▸ Supplied material:
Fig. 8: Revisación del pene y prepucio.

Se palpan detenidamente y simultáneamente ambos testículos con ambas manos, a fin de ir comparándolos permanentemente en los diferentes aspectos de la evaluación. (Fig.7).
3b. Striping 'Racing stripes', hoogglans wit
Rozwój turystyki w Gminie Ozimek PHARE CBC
...
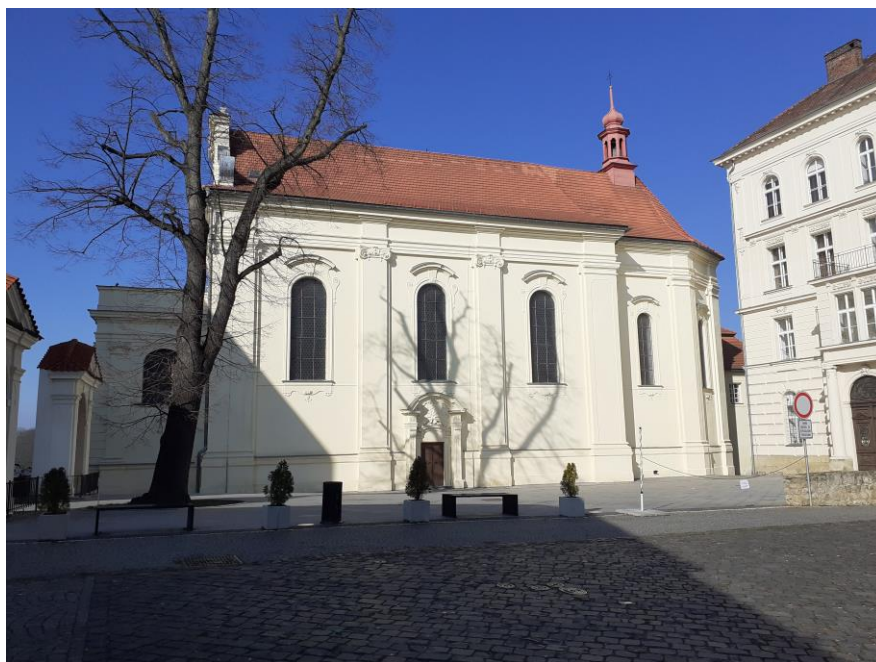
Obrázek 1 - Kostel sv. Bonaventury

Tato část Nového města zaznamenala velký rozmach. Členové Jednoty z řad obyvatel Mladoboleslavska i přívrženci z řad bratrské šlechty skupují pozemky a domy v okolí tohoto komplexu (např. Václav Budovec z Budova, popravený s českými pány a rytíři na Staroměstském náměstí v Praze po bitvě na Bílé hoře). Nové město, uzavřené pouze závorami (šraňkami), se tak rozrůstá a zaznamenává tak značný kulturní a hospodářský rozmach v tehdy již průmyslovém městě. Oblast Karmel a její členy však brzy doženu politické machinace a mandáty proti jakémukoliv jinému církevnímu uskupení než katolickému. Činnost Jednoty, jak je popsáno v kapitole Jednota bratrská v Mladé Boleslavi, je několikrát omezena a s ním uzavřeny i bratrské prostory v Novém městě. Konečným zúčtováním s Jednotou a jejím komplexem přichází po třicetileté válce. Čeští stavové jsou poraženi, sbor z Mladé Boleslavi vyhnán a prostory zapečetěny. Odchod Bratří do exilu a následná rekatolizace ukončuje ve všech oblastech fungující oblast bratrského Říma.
* * *
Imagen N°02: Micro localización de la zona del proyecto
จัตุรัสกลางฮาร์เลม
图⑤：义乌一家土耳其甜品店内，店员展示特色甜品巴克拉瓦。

▸ Problem description: Would you please write out, exactly and with no other lines, the stretch of the listing above from the line containing "Imagen N°02: Micro" through the line containing "图⑤：义乌一家土耳其甜品店内，店员展示特色甜品巴克拉瓦。"?

▸ Reply:
Imagen N°02: Micro localización de la zona del proyecto
จัตุรัสกลางฮาร์เลม
图⑤：义乌一家土耳其甜品店内，店员展示特色甜品巴克拉瓦。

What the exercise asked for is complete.